Juro por todos los dioses que yo no amaba a Kéya. No la amé cuando estábamos aprendiendo a comer y nos embarrábamos las papillas en la cara y ropa. No la amé cuando nos confabulábamos para que no se enteraran de que habíamos tenido accidentes nocturnos por el tiempo en que nuestras vejigas aún estaban fuera de nuestro control. No la amé cuando nos tropezábamos y llorábamos cuando aprendimos a caminar, saltar y correr. No la amé cuando entramos a la escuela y ella era la única cara que tenía sentido para mí en medio de tanta novedad de ruidos e imágenes. No la amé cuando nos graduamos de la primaria y nos fuimos de viaje a la costa, donde nos perdimos cerca de la marisma por querer ver a los cangrejos violinistas para ver si uno perdía la pinza grande en una pelea. No la amé cuando íbamos a las piscinas, cuando se compró su primer bikini y me obligó a comprar unas calzoneras horribles que sólo usé una vez. No la amé cuando la vi besándose con ese chico en la secundaria cuyo nombre nunca supe. No la amé cuando una chica, que también intento olvidar, la usó de intermediario para confesárseme. No la amé cuando me atrapó masturbándome, ni cuando yo la atrapé a ella masturbándose. Lo juro, fueron infinitos los momentos en los que no la amé, en los que nunca pasó por mi cabeza el más remoto destello de una vida junto a ella, como hombre y mujer, una vez crecidos y formados en el mundo.
No lo supe sino hasta mi viaje a Brasil, cuando, en medio de una práctica que tuve con un luchador de jiu-jitsu, me aplicaron una llave de la cual, pese a todos mis esfuerzos, no logré zafarme, y si quería aunque sea perder con algo de dignidad, tendría que al menos aguantar el dolor hasta que mi oponente mostrara señales de cansarse, así al menos mi grupo alardearía de mi resistencia y me llevaría una victoria nada despreciable. Aguanté (me dijeron después) cinco minutos bajo la fuerza de esa llave. Durante ese tiempo vi a Kéya y todos los momentos que ya he mencionado más miles de otros en los que no la había amado. Al mismo tiempo la vi como una niñita dando su primera patada al costal de nuestro primer entrenador; sentí sus pies acertando en mi cuerpo y los míos acertando en el suyo; la reconstruí tirándome al suelo e intentando aplicarme una llave muy diferente a la que me estaba sometiendo; fue la primera vez que nos envolvimos en esa práctica que con el tiempo se volvía más juego que nada; luego yo la tiraba y practicaba mis llaves. A veces nos liberábamos y contraatacábamos, a veces me sometía y yo la sometía a ella. Y ya no me pareció más un juego ni una práctica; mi cuerpo se acostumbraba a su calor, mis oídos a sus risas, mis ojos a sus varias miradas, y mis recuerdos también se hicieron conscientes de que aquella luchadora se había incrustado tan profundamente en ellos, que se me hizo imposible recuperar alguna memoria en la que ella no apareciera aunque fuera sólo para adornarla con su presencia. Siempre era y siempre estaba ahí.

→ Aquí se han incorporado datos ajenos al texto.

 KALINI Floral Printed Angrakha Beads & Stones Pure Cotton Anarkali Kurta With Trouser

Cuando el dolor se me volvió insoportable, me rendí y me arrastraron para que me checara el médico, pero si no me movía no era porque mi cuerpo estuviera realmente lastimado, sino por la nueva revelación que ahora, en medio de los aplausos por parte de mis compañeros danzilmareses y de los brasileños, germinaba como un árbol cuyas raíces son tan profundas que llegan al centro de la tierra, y que es al mismo tiempo tan alto que el cielo no era suficiente para albergarlo.

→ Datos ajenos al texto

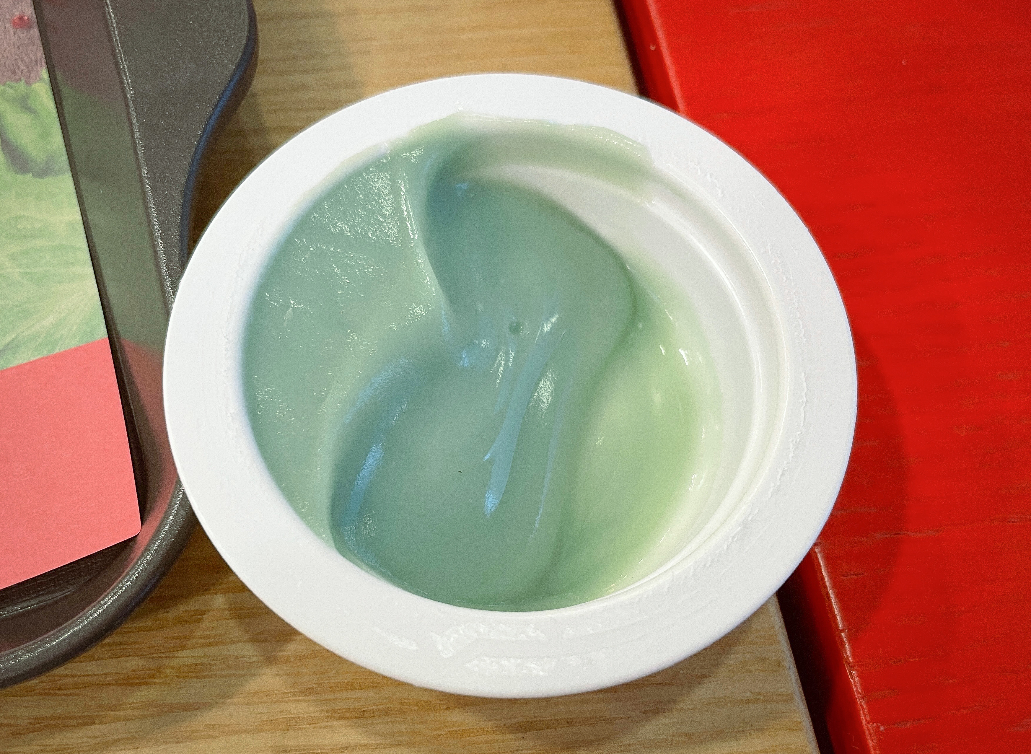 색깔은 마치 네모바지 스펀지밥의 징징이를 녹여서 만든 것 같은 옅은 민트색을 띠고 있었습니다. 맛이야 앞서 설명드린 것처럼 민트초코 아이스크림 먹는 맛이었고, 민트초코 아이스크림의 경우 초콜릿 알갱이가 씹히는 반면 민트초코 디핑소스는 부드러운 크림형태의 소스라 찍어먹기에 더 좋았습니다.
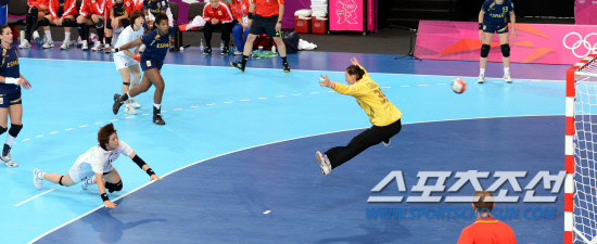 28일 영국 런던 올림픽 파크 핸드볼경기장에서 열린 여자핸드볼 B조 조별예선 한국 대 스페인 경기에서 우리나라의 유은희 선수가 스페인 수비수들을 뚫고 슛을 성공시키고 있다.한국이 31대 27로 승리.
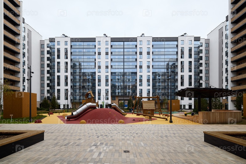 Современный жилой комплекс с детской игровой площадкой и просторной зеленой зоной
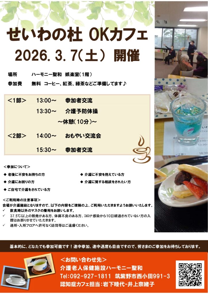 せいわの杜 OKカフェ(認知症カフェ)の取り組み|医療法人せいわ会/介護老人保健施設 ハーモニー聖和 (seiwa-kai.com)
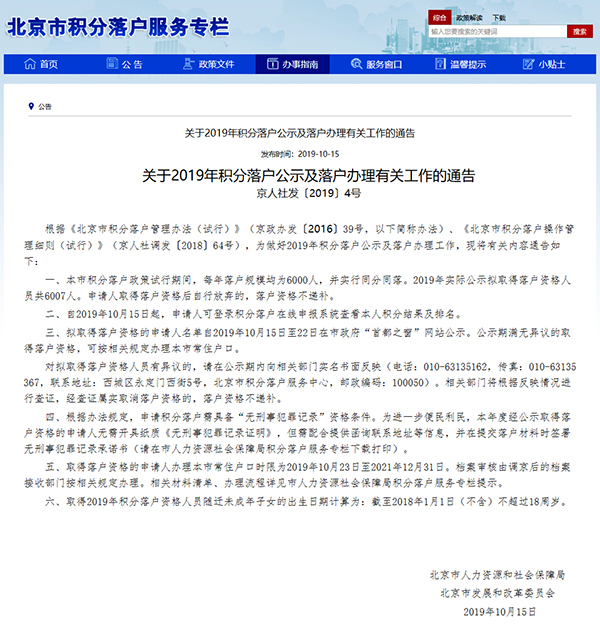 10月15日,市人力资源社会保障局发布消息,本市2019年积分落户申报审核工作已全部结束,自10月15日起进入公示及落户办理阶段。届时,今年申报积分落户的106403名申请人可登录积分落户在线申报系统查看本人年度积分和排名,拟取得落户资格人员名单将在市政府“首都之窗”网站公示,公示期截止到2019年10月22日。
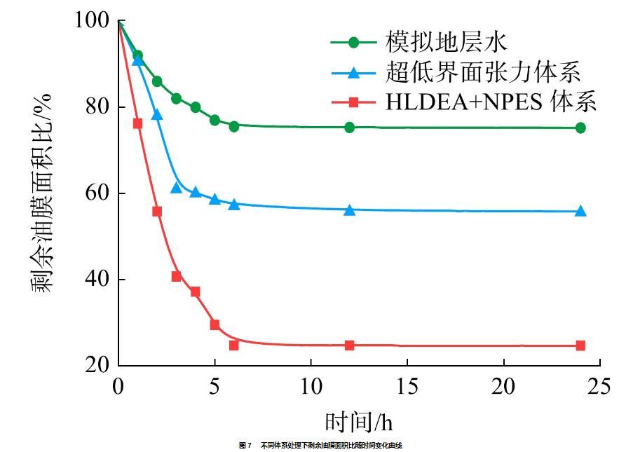 2)HLDEA+NPES體系可將油水界面張力降低至3.8×10?3 mN/m,水下油滴接觸角由41.34°增加至162.53°,使得24 h內油膜剝離率高達75.3%。
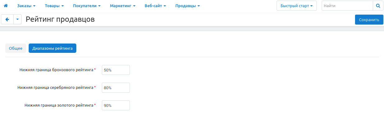 3. Установите Нижние границы рейтинга. Значения устанавливаются в процентах, где 100% — самое высокое значение рейтинга среди продавцов.
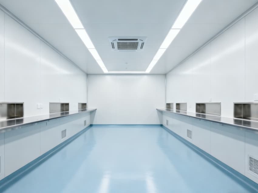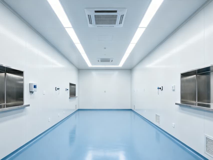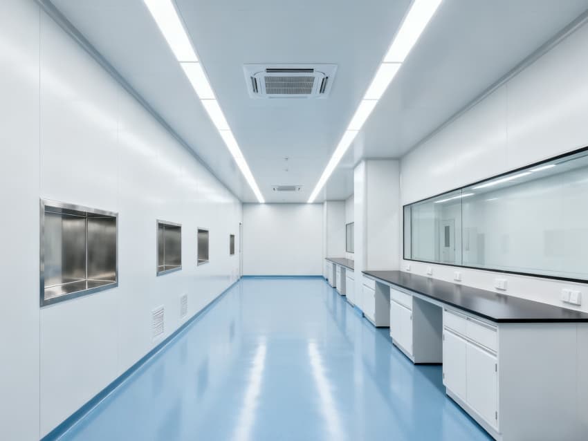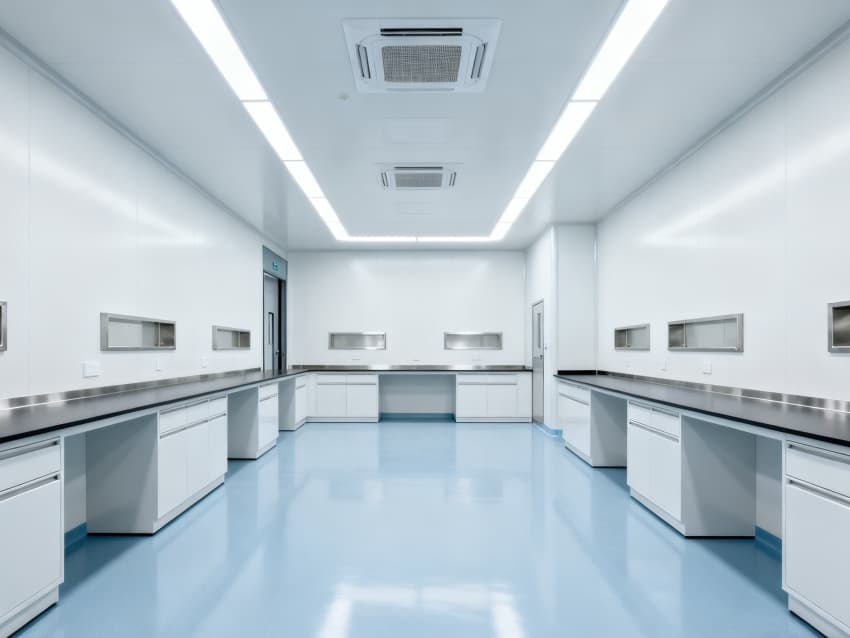 內(nèi)部6個(gè)實(shí)驗(yàn)室均為無(wú)設(shè)備空曠布局,按萬(wàn)級(jí)潔凈標(biāo)準(zhǔn)建設(shè):地面鋪設(shè)無(wú)縫抗菌環(huán)氧自流平,墻面采用食品級(jí)不銹鋼潔凈墻板,陰陽(yáng)角做R40圓弧處理杜絕積塵死角;柱網(wǎng)間距設(shè)為7.5米,預(yù)留實(shí)驗(yàn)臺(tái)、精密檢測(cè)設(shè)備安裝點(diǎn)位及運(yùn)維通道;頂部整合高效新風(fēng)過(guò)濾系統(tǒng)、恒溫恒濕裝置與防眩光LED照明,所有管線暗藏于吊頂內(nèi),最大化釋放空間高度與視野;實(shí)驗(yàn)室間通過(guò)通透玻璃隔斷銜接,進(jìn)一步強(qiáng)化整體空曠感,為藥物合成、質(zhì)量檢測(cè)等核心研發(fā)環(huán)節(jié)提供安全、潔凈的專(zhuān)屬環(huán)境。

Cuando por fin mi cuerpo reaccionó, ya amaba a Kéya.
***
La Asociación de yúndáo de Danzílmar había finalmente conseguido los fondos para llevar a cabo un proyecto que había querido hacer desde hacía varios años: hacer a sus mejores luchadores viajar alrededor del mundo para aprender de todas las artes marciales. Todos estábamos emocionados por saber quiénes serían los elegidos, tanto del grupo masculino como del femenino, por lo que durante los torneos de eliminatorias los ánimos estaban especialmente elevados, y el mes completo que duró la elección se sintió lento y estuvo lleno de contratiempos a causa de algún que otro luchador que no pasó el antidopaje. Kéya y yo estuvimos entre los elegidos; los viajes de los hombres y los de las mujeres iban a ser separados, recorriendo el mundo en sentido inverso: los hombres iríamos primero a Oceanía, luego a Sudamérica, donde subiríamos hacia Norteamérica, de ahí a Europa, África, Medio Oriente, el Sudeste asiático, China, Corea, Japón y de vuelta a Danzílmar. Las mujeres empezarían en Japón y terminarían en Oceanía antes de regresar a Danzílmar. El viaje estaba previsto para durar dos años y medio, tiempo en el cual el alojamiento, comida y las clases de todos los luchadores estaban cubiertos. Kéya se había escapado un momento del grupo femenino para despedirse de mí muy rápidamente. No hubo palabras, sólo intentó golpearme en la cara, golpe que desvié e intenté golpearla de vuelta, pero me detuve antes de tocarla. Su boca sonrió con arrogancia, pero sus ojos miraban con una dulzura sorora. Nos dimos un último abrazo y partimos. Tenía la certeza de que lo primero que haríamos al reencontrarnos sería luchar, y yo, que conocía tan bien el alcance de su disciplina, sabía que debía estar a su altura para aquel momento.
***
Y ahora la amaba tanto. Mi grupo se había ya ido del aeropuerto, pero yo decidí quedarme a esperar a las mujeres, entre las que estaría Kéya, mi nueva Kéya, no ya la Kéya que yo no amaba. Cada patada, golpe, agarre, esquive, llave, contrallave y sumisión que había puesto en práctica durante esos dos años y medio alrededor del mundo estuvieron impulsados por mi nueva realización, igual que la droga más potente que cualquiera de las que el antidoping pudiera detectar. Veía todas mis victorias y me decía (más bien reía y mi corazón brincaba de gozo) que la asociación podría muy bien prohibir esta nueva droga que me rasguñaba las venas, que me había hecho casi insensible al dolor y preciso en mis golpes, ágil en mis movimientos y disciplinado en mi entrenamiento. Y veía mi futuro bajo el influjo de esa droga: los dos mejores luchadores de Danzílmar, juntos, criando pequeños luchadores que los superarán con creces, con cuerpos fuertes como toros, para siempre en la misma casa y con el mismo destino.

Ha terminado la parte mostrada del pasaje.